Atrial Fibrillation Clinical Trial
Official title:
Qatar Cardiovascular Biorepository-AF (QCBio-AF) Study
Qatar Cardiovascular Biorepsoitory-AF (QCBio-AF) of plasma and DNA of Qatari patients with atrial fibrillation (AF) is to establish. AF cases will include patients with acute and chronic AF identified in the Heart Hospital (HH) arrhythmia clinics and Emergency Room (ER). Controls will include blood donors who have no history of AF. Such a resource will enable validation of biomarkers to assess AF risk, response to therapy, and prognosis. QCBio-AF will also allow genomic, marker and proteomic studies of AF and response to drug therapy (pharmacogenetics and pharmacoproteomics). This study will accomplish the following specific aims: Aim 1: Establish a DNA and plasma biorepository (QCBio-AF) of 300 Qatari AF cases and Family members to enable investigation of genomic and proteomic biomarkers for early detection and prognostication and to identify new targets for drug development. Aim 2: Annotate the biorepository of with 1) demographic, laboratory, and clinical variables derived from the EMR using electronic phenotyping algorithms, and 2) detailed information regarding history of cardiovascular diseases and risk factors derived from patient surveys. Aim 3: Develop processes to promote use of the biorepository by Qatari investigators by facilitating access to the biorepository for biomarker research, while maintaining the highest ethical standards with emphasis on patient confidentiality and stewardship of the biospecimens. Timeline. Following IRB approval, the intended collection period will be over 12 months where 300 Qatari patients with AF and their immediate families will be recruited. Significance: Although atrial fibrillation (AF) is reaching epidemic proportions in the aging U.S. and European populations, the worldwide burden of AF in non-white populations is unknown. Furthermore, a substantial proportion of AF in the population is not explained by traditional risk factors. There is increasing evidence that susceptibility to AF is not only determined by underlying etiologic risk factors but also ethnicity with AF occurring more frequently in white than in non-white populations. While reasons for this ethnic variability are unknown, studies have shown that both common and rare genetic variants increase susceptibility to AF in an individual in the presence of ethnic-specific risk factors.
Atrial Fibrillation Epidemic and the Need for Improved Therapies: Atrial fibrillation (AF)

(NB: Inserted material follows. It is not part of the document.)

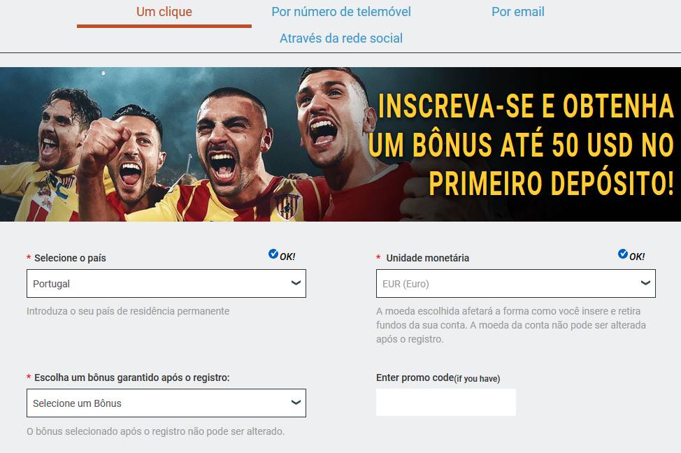A inscrição na plataforma da casa de apostas desportivas online é muito simples. Para começar clique em "Inscrição" no canto superior direito da página inicial. Na nova página que foi aberta, selecione o seu país de residência no campo "Escolha um país" e a sua divisa no campo "Moeda", Não se esqueça de inserir o seu código promocional se tiver um.

has become a disease of global epidemic proportions due to the burgeoning population of
elderly individuals. The global burden of AF was recently estimated at 33.5 million with
progressive increases in incidence, prevalence and AF-related mortality having major
implications for healthcare costs and public health policy. This study also highlighted
regional variation in AF burden between developed versus developing countries. The number of
persons in the U.S. with AF by the year 2050 is projected to exceed 16 million. The
socioeconomic impacts of AF are substantial, as are the consequences of frequent visits to
the emergency room (ER) and hospitalizations, chronic disease management and loss of
productivity. Moreover, managing patients with AF remains challenging. Despite recent
advances in catheter-based and surgical treatments, antiarrhythmic drugs (AADs) remain the
mainstay of treatment for patients with symptomatic AF. However, membrane active drugs are
incompletely and unpredictably effective and can be proarrhythmic. Furthermore, the selection
of an AAD for an individual patient is based not only on efficacy as on minimizing the risk
of adverse effects. The limited success of AADs in maintaining sinus rhythm is related in
part to the heterogeneity of the underlying substrate, poor understanding of the
pathophysiology of AF and our failure to target therapy to underlying mechanisms. Thus, an
overarching goal of this proposal is to create and utilize a clinical and genetic database
for AF to examine the role of novel and established risk factors for AF in diverse ethnic
populations and determine the role of common AF susceptibility loci in two ethnic groups and
examine gene-environment interactions between ethnic specific risk factors and AF.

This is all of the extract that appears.